How to implement data/virtual shard migration?

Q

quest20172017-05-18 18:29:20

SQL

quest2017, 2017-05-18 18:29:20

Who over SQL did the migration of data / shards online (for profit) please share your ideas!
as I understand it, you need to create a directory / function that says on which server a specific key is located (an entry with a specific identifier). then the migration process should exclusively capture the keys on server "A" (select for update), atomically hide the keys in a hidden table and not atomically move them to server "B" in a hidden table, where they should be atomically available and change the location of the keys from the server in the directory "A" to server "B". The hidden table is in theory needed because moving keys between servers is not atomic and it may happen that at some point server “B” will have only a part of the keys (if we move not just a single key, but many keys - a virtual shard).
what if at the time when the migration began, the client had already arrived at the server "A" and did not find the data? stupidly hammering into the directory then to the server "A" until the server address is updated in the directory and the client does not go to the new server "B"? Can I come up with some kind of notification here instead of polling? How to make it?
How do you build a directory with the key corresponding to the server or the key to the virtual shard and the virtual shard to the server?
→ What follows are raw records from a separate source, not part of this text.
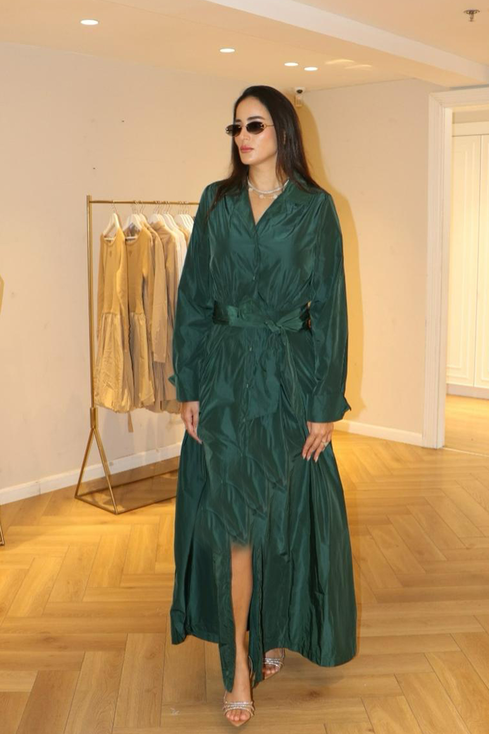 שמלה אלגנטית MS מכופתרת ירוק מקסי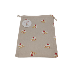 A design with scattered shortcake patterns. Great for snacks or small items. It is a vertical size.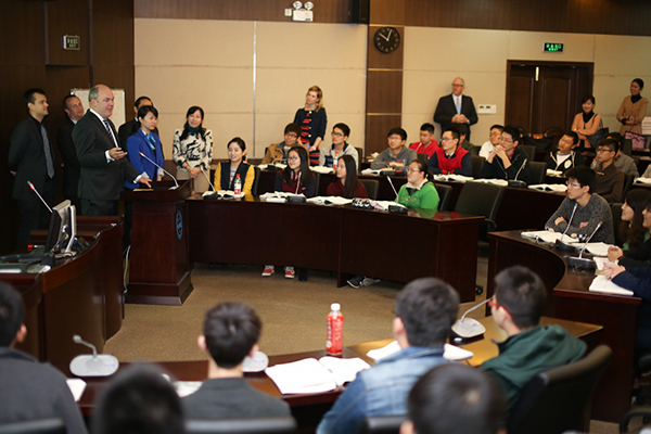 会见结束后,部长阁下欣然题词祝愿上外与怀卡托大学的合作持久成功。随后,他在曹校长的陪同下观摩了上外与怀卡托大学2+2合作项目的教学情况,并即席作了演讲,鼓励该项目的学生努力完成学业,同时与学生进行了互动交流。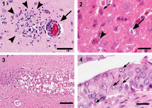 Universidade de Caxias do Sul Curso de Medicina Veterinária Histopatologia Veterinária Nome: Liane Dalpiaz Turma: 36 CINOMOSE Lesões Microscópicas: nos pulmões espessamento das paredes dos alvéolos devido a infiltrados mononucleares intersticiais e hiperplasia dos pneumócitos tipo II. No SNC: desmielinização, hiperplasia e hipertrofia astrocítica, corpúsculos de inclusão intranucleares, neurônios necróticos (vermelho) e células inflamatórias mononucleares. Lâmina 1: manguito perivascular; lâmina 2: corpúsculos de inclusão intracitoplasmáticos; lâmina 3: necrose e degeneração do estrato córneo no giro dentado; lâmina 4: corpúsculos de inclusão no epitélio da bexiga.

By what algorithm and with what tools?
In particular, I read a story where people have gone from virtual shards simply to matching the key to the server, where should this match be stored?
Thanks in advance for ideas and answers!

Reply

Answer the question

In order to leave comments, you need to log in

1 answer(s)

R

rPman, 2017-05-18
@rPman

Make identifiers such that they can be guaranteed to be divided into groups, for example, with a step of N (max number of servers) and the starting value of sequences for each server is different (from 1 to N) - let's call this starting number 'index modulus', this way you will group data, and it will be possible to move them in groups, according to the index belonging to its index module (you can get it by taking the module from the index by N, if N is a power of two, then a bit mask will be enough).
It is enough for you to store which module index is located on which physical server, and move the data at once in these groups, naturally within one transaction (open a transaction on both servers, pour data, at the end, commit on one, note in the table that the data has moved, delete , commit on another.
To prevent data from appearing on the server during the transfer process, make mechanisms that disable this node from creating new records (a sort of read / write only) and logging the fact that the record was modified by id (the date of the last change in each table - or use the regular mechanisms of the low-level sql-log- server), i.e. the table that will be responsible for information about the placement of groups on servers must also contain this flag. And yes, replicate this table between servers with regular sql server tools.
By the way, I remember exactly that in oracle it was possible to set up data replication by condition ... I won’t be surprised if others have it, then the internal mechanism of the sql server will be responsible for transferring data between servers - this is an order of magnitude more efficient and reliable than self-written tools.